## Task prompt:
Go through the records and copy each line where the word "juli" occurs.

= Beginning of Section =

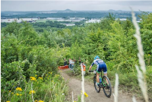
Afbeelding: Sfeerimpressie NK Mountainbike 15 en 16 juli

De verbetering en vernieuwing van de bestaande mountainbikeroutes in Parkstad is afgerond in 2017. De vrijwilligers van Mountainbikeclub Discovery hebben in 2017 meer dan 1.000 uur ingezet voor het aanbrengen van deze verbeteringen! Deze routes zijn met succes gebruikt tijdens het Nederlands Kampioenschap Mountainbiken in juli 2017.
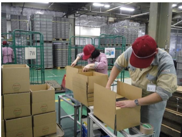
段ボール組み立て作業
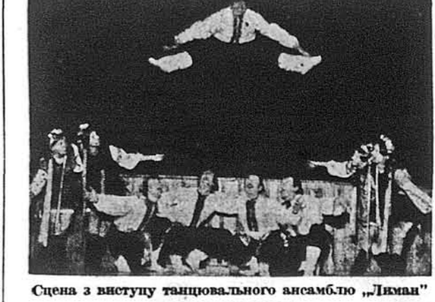
Сцена з виступу танцювального ансамблю "Лиман"
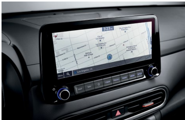
Écran tactile de 10,25 po avec système de navigation livrable
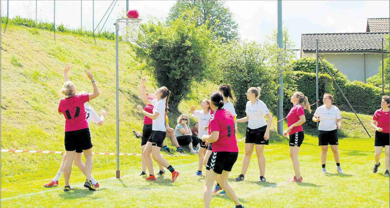
Escholzmatt im pinken Dress beim erfolgreichen Korbwurf gegen Urtenen. [Bild zVg]
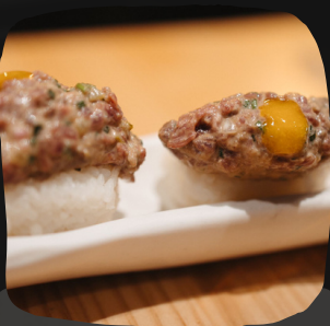
Niguiris de Steak Tartar

Los caballitos son langostinos rebozados en una rica masa.
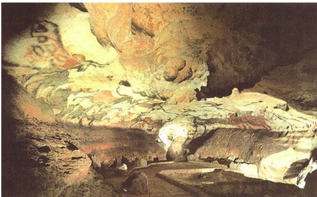
Ил. 8. Пещера Альтамира

Насколько следовало рисковать в случае с Альтамирой, покажет самое ближайшее будущее. А пока интересно обратиться к опыту французской стороны, в частности, по обеспечению сохранности уже не раз упоминавшейся пещеры Ласко. Тем более что там тоже грядет открытие.
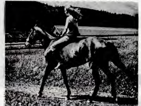
«Bud-avisen» er en avis som gir til alle budene sine.
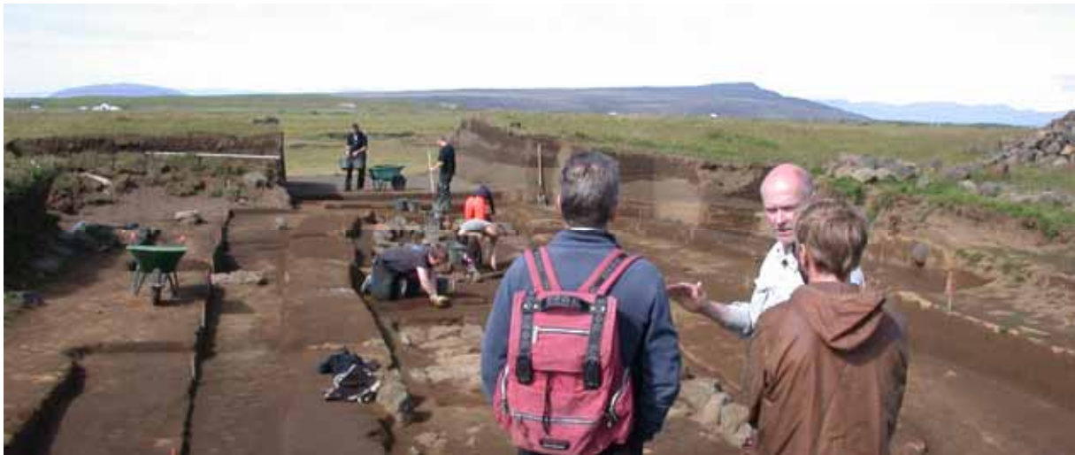
Uppgröftur við Þjótanda
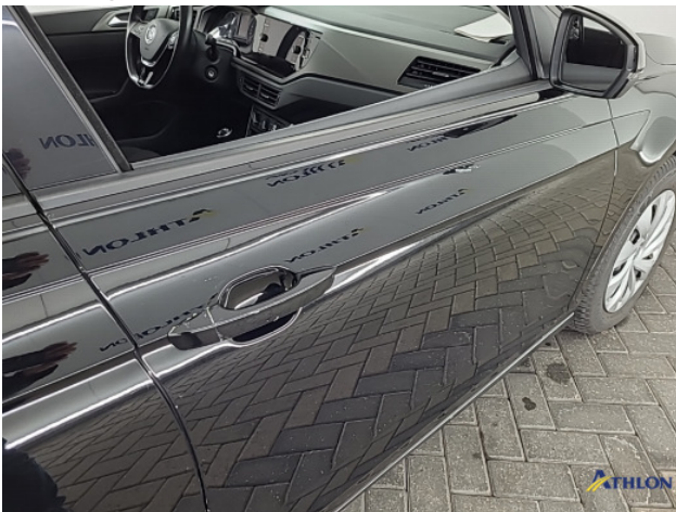
1. Ontstickerresten Gebruikssporen
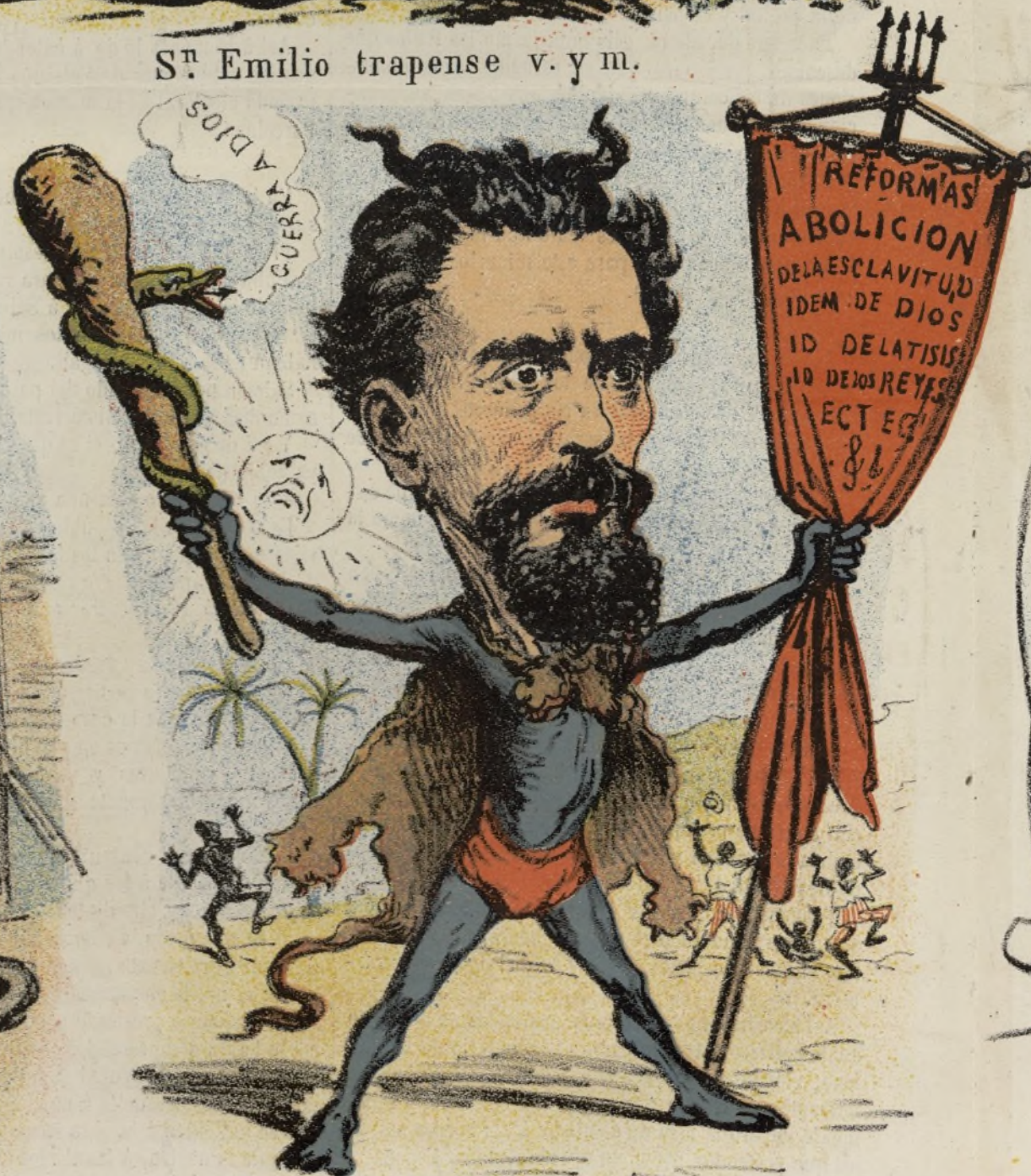
De Dios abajo ninguno y politico mas osado EL MINISTRO DE ULTRAMAR.
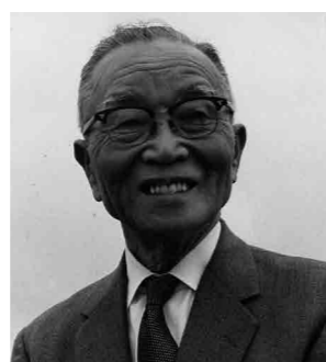
ないこうたちゅう 内藤多仲 (1886-1970)

南アルプス市生まれ。建築構造技術者・学者。東京タワー、大阪通天閣、名古屋テレビ塔など、多くの塔を設計し、「耐震構造の父」「塔博士」と呼ばれた。山梨県庁本館や県民会館の設計も手掛けた。
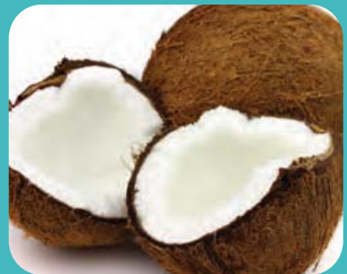
ใยมะพร้าว
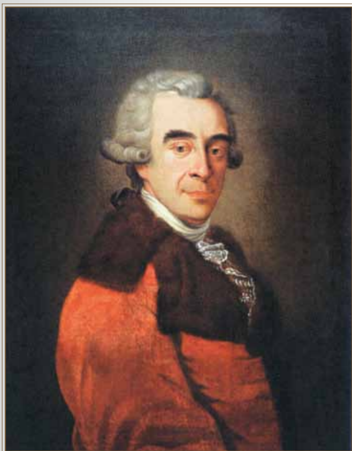
Неизвестный художник. Портрет князя Н.С. Волконского. Начало XIX в.

родились их пятеро детей: четыре сына, Николай, Сергей, Дмитрий, Лев, и дочь Мария.
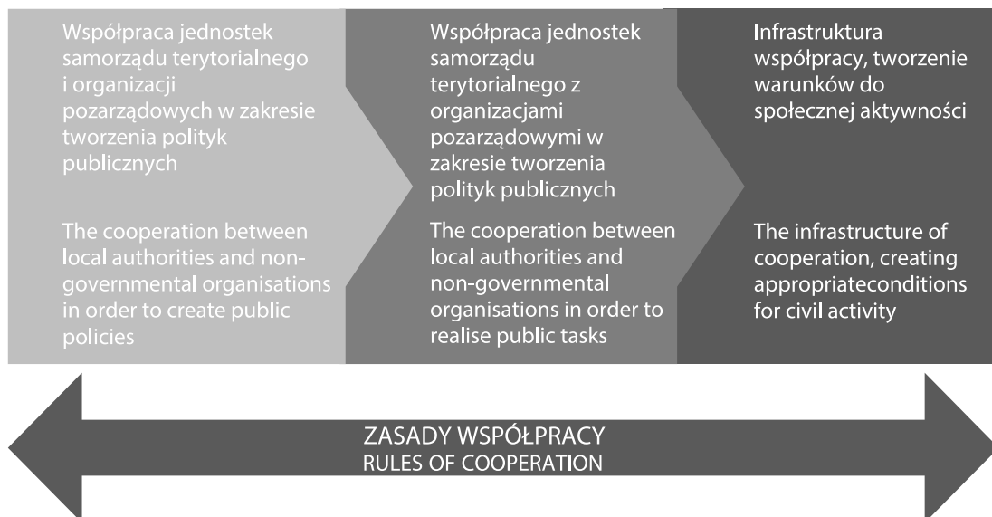
Figure 2. A model of the three areas of cooperation between local authorities and non-governmental organizations Rysunek. 2 Trzy płaszczyzny współpracy JST i organizacji pozarządowych – ujęcie modelowe

Sam, natomiast wypełnianie go treścią powinno być zależne od regionalnego lub lokalnego kontekstu. Model jest więc w zamierzeniu zbiorem określonych narzędzi, które zgodnie z potrzebami i możliwościami mogą być wykorzystane przez każdy polski samorząd. Oznacza to, że pozostaje on uniwersalny, a każdy samorząd może wykorzystać odpowiednie narzędzia zawarte w modelu zgodnie ze swoimi potrzebami i możliwościami. Trzeba jednak podkreślić, że w modelu nacisk kładziony jest przede wszystkim na kulturę współpracy, rozumianą jako zjawisko daleko wykraczające poza zapisy prawa. Część zawartych w nim zadań, np. partnerstwa lokalne, nie wynika bowiem z regulacji prawnych, lecz właśnie z kultury współpracy. Ponadto w samych przepisach prawa część rozwiązań jest obligatoryjnych (np. roczne programy współpracy), a część fakultatywnych (np. rady działalności pożytku publicznego czy wieloletnie programy współpracy). O zastosowaniu konkretnych rozwiązań (poza obowiązkowymi) powinni zdecydować partnerzy, kierując się kryterium ich przydatności. W modelu zaleca się oparcie współpracy na trzech płaszczyznach (Rysunek 2).
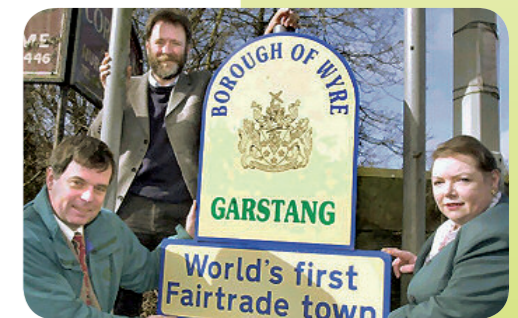
Garstang in Großbritannien war die erste Fairtrade Town weltweit und feierte 2010 ihren 10. Geburtstag.
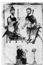
Charlemagne et son fils Pépin, roi d'Italie, en train de juger (bâton de justice à la main, épée au côté), manuscrit du IX e siècle

Autres exemples de représentations de Charlemagne ou d'autres souverains :
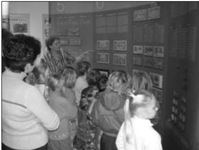
Lapsed huviga kuulamas Eesti raha ajalugu.

Muuseumis sai iga külastaja kaasa infovoldikuid ja brošüüre ning lasteaiale kingiti 4 puzzlet erinevatest rahadest, mida pärast lõunauinakut usinalt kok-
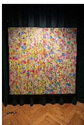
Preis für Innovation im grossen Format: „Fragments des Alltags“ von Judith Mundwiler, CH / Prize for Innovation in a large Format: “Fragments of Everyday Life” by Judith Mundwiler, CH

Textilmuseum St.Gallen © Charlotte Leonie Hammann
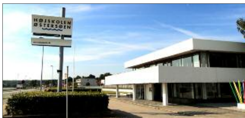
Højskolen Østersøen i Aabenraa.

På kurset kigger man nærmere på eksempelvis nye kulturer, nye demokratier, sociale medier, historiske perspektiver, åbne grænser, økonomiske kriser, ekstremisme – for blot at nævne nogle emner. Man kommunikerer sammen, opbygger europæiske netværker, oplever gensidig forståelse – men oplever også idræt og anden udendørs aktivitet. Her får man inspiration og nye venner, lover højskolen. www.hojoster.com
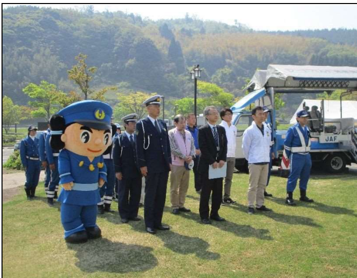
イベント関係者の朝礼にはみこびー君も参加しました

当日は、高速隊パトカーや白バイ、管理隊パトカー等の試乗や記念撮影、島根県立松江農林高校及び松江商業高校の生徒の皆さんによるオリジナル商品の販売等が行われるとともに、「しまねっこ」や島根県警察シンボルマスコット「みこびーくん」も登場するなど大勢の人で賑わいました。
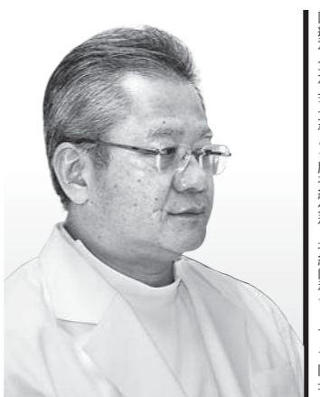
(いずみ・こうたろう) 1989年福岡大学医学部卒、鹿児島大学附属病院第3内科、鹿児島市立病院などを経て、11年6月に開院。日本神経学会神経内科学専門医・指導医、日本内科学会認定医。
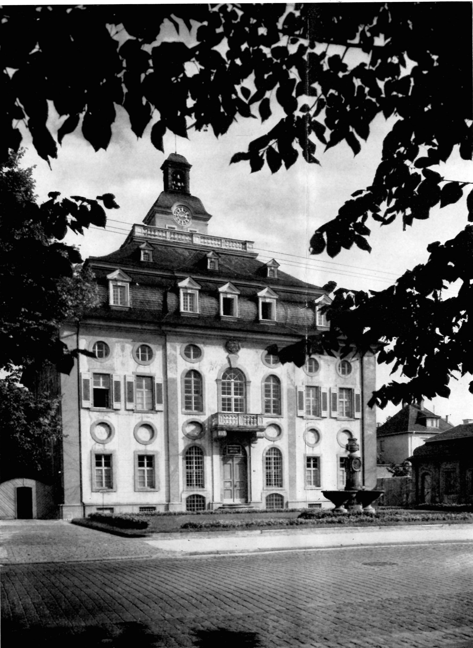
◀ Das Amtsgericht, früher Kanzlei­gebäude der Schloßanlage, von dessen Uhr­turm nach dem Vorbild von 1772 zu be­stimmten Tageszeiten wieder ein Glockenspiel als steter Kün­der und Mahner an die Schönborn-Huttenzeit mit Melodien aus dem 18. Jahrhun­dert erklingt. Davor steht zur Erinnerung an die letzte Bewoh­nerin des Schlosses, Mark­gräfin Amalie von Baden, der Amalienbrunnen
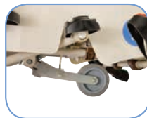
Система управления Plus Steering™ нового поколения для легкого прохождения поворотов и контроля движения
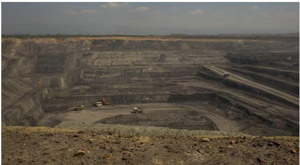
2019 年，位于哥伦比亚瓜希拉省 (La Guajira) 巴兰卡斯 (Barrancas) 的塞雷洪煤矿。

这些对健康的影响如此严重，甚至被刻入当地人的基因中。2018 年的一项研究发现，塞雷洪造成的污染正在从细胞层面损害当地人，增加了患癌症和染色体不稳定的风险 23 。

= End of Section =

## Your response:
Afbeelding: Sfeerimpressie NK Mountainbike 15 en 16 juli
De verbetering en vernieuwing van de bestaande mountainbikeroutes in Parkstad is afgerond in 2017. De vrijwilligers van Mountainbikeclub Discovery hebben in 2017 meer dan 1.000 uur ingezet voor het aanbrengen van deze verbeteringen! Deze routes zijn met succes gebruikt tijdens het Nederlands Kampioenschap Mountainbiken in juli 2017.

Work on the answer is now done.